In 2008, she returned to HypaSpace on the 8th March. She returns as Roxy Hunter once more in the popular Canadian TV show Paradise Falls third season which started airing on here! TV from 11 April and on Showcase around October. She took part in the Sporting Life 10k run in Toronto in May. She auditioned for the role of Tess Mercer on Smallville but did not get the role. She also got involved with being a producer on a film which she promoted at Cannes 2008 called The Gospel of Phi, it had a limited screening in Canada in 2007. She attended Cannes 2008 with actress/producer Lisa Wegner and producer John Davidson to promote the film and came up with the poster concept for the film. She also moved to Vancouver, British Columbia. HypaSpace came to an end on June 27, 2008 and was Kim's last episode after four years of being on the show. She then completed filming for the horror movie Silent But Deadly in the summer, she plays the lead role Sandra. She is a guest speaker in the Burman Books DVD The Search For The Balanced Life  which was released on September 1, 2008 (filming was in February 2007). After filming completed for Silent But Deadly she attended the 2008 Toronto International Film Festival and guest starred in the HypaSpace replacement The Circuit to talk about the movie. She also had interviews with website Hardcore Nerdity and radio show The VM Underground Show. She filmed her scenes for an episode of Eureka which aired in 2009. She also joined the band Jacqui Judge & the Gallows as their backing vocalist.

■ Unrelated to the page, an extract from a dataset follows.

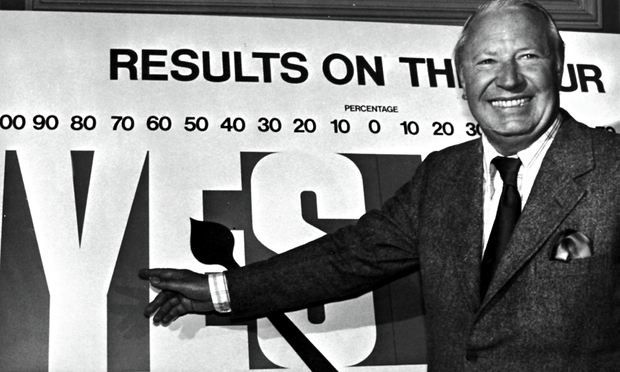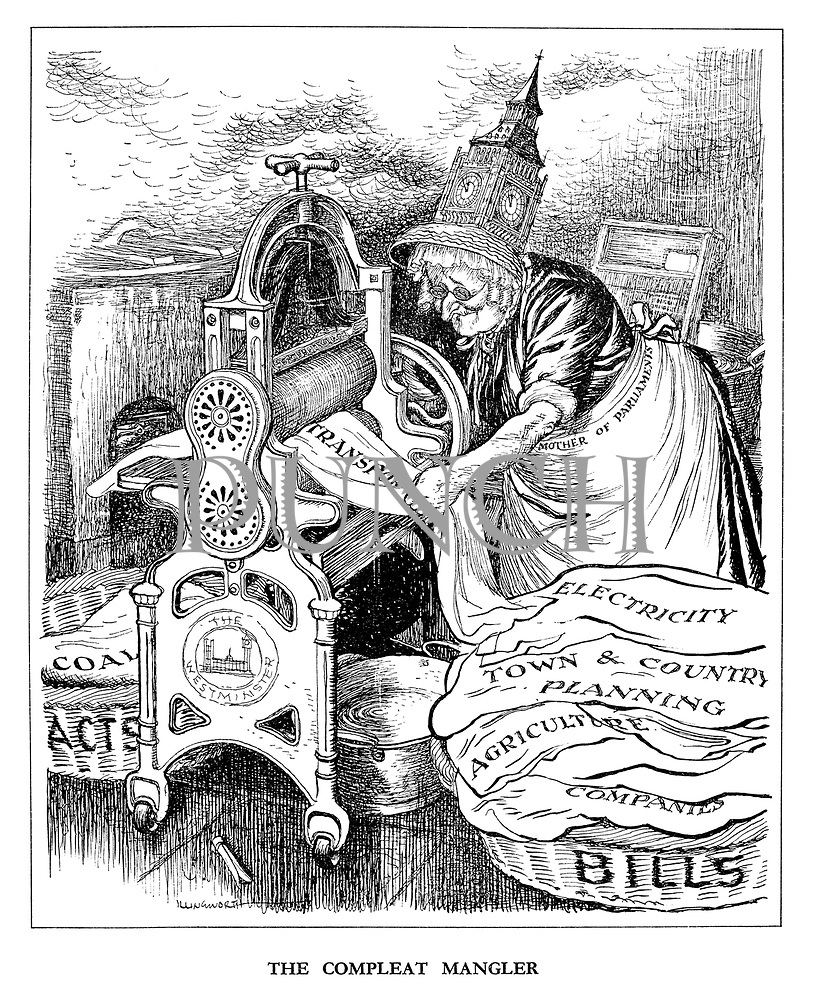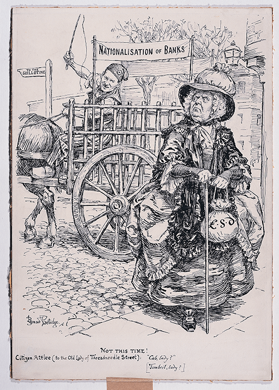 Cartŵn dychanol o 1935 yn portreadu Clement Attlee yn cynnig pas i Hen Wreigan Stryd Threadneedle, ar ei ffordd i’w dienyddio. Unarddeg mlynedd yn ddiweddarach caiff ei wireddu (ffynhonell)

In 2009, she went to Winnipeg, Manitoba to shoot the movie Foodland, directed by Adam Smoluk. The movie marks the first time she will be singing on screen in a feature film, she plays Lucy Eklund the femme fatale who's a con artist by day and cabaret singer at night. She sings the song "You Made Me Love You (I Didn't Want to Do It)". She was originally cast in the role of Miranda Kirby for the show Happy Town but was replaced by Linda Kash the night before shooting. She sang with Corduroy live for Canadian Music Week in Toronto at Bread and Circus on March 13 and also performed at VTV Live on April 29 with Bob & The Mob singing the songs Ballroom Blitz, Mustang Sally, Jailhouse Rock, Green River, Born On A Bayou, Ghost Riders In The Sky, 13 Women, Little Help From My Friends and Chilly Walla. She recently performed at VTV Live again on May 19 but this time with her band Jacqui Judge & Rouge singing their original songs Addictions, Shades, Pretty, Breathe UnderWater, Wishes and a cover of Radiohead's Jigsaw Falling Into Place. She had to leave the band after moving to Los Angeles but can be heard on their song Fuck or Fight. She played Dr. Maria Leonardo, a dendrologist, in the episode "Welcome Back, Carter" of Eureka.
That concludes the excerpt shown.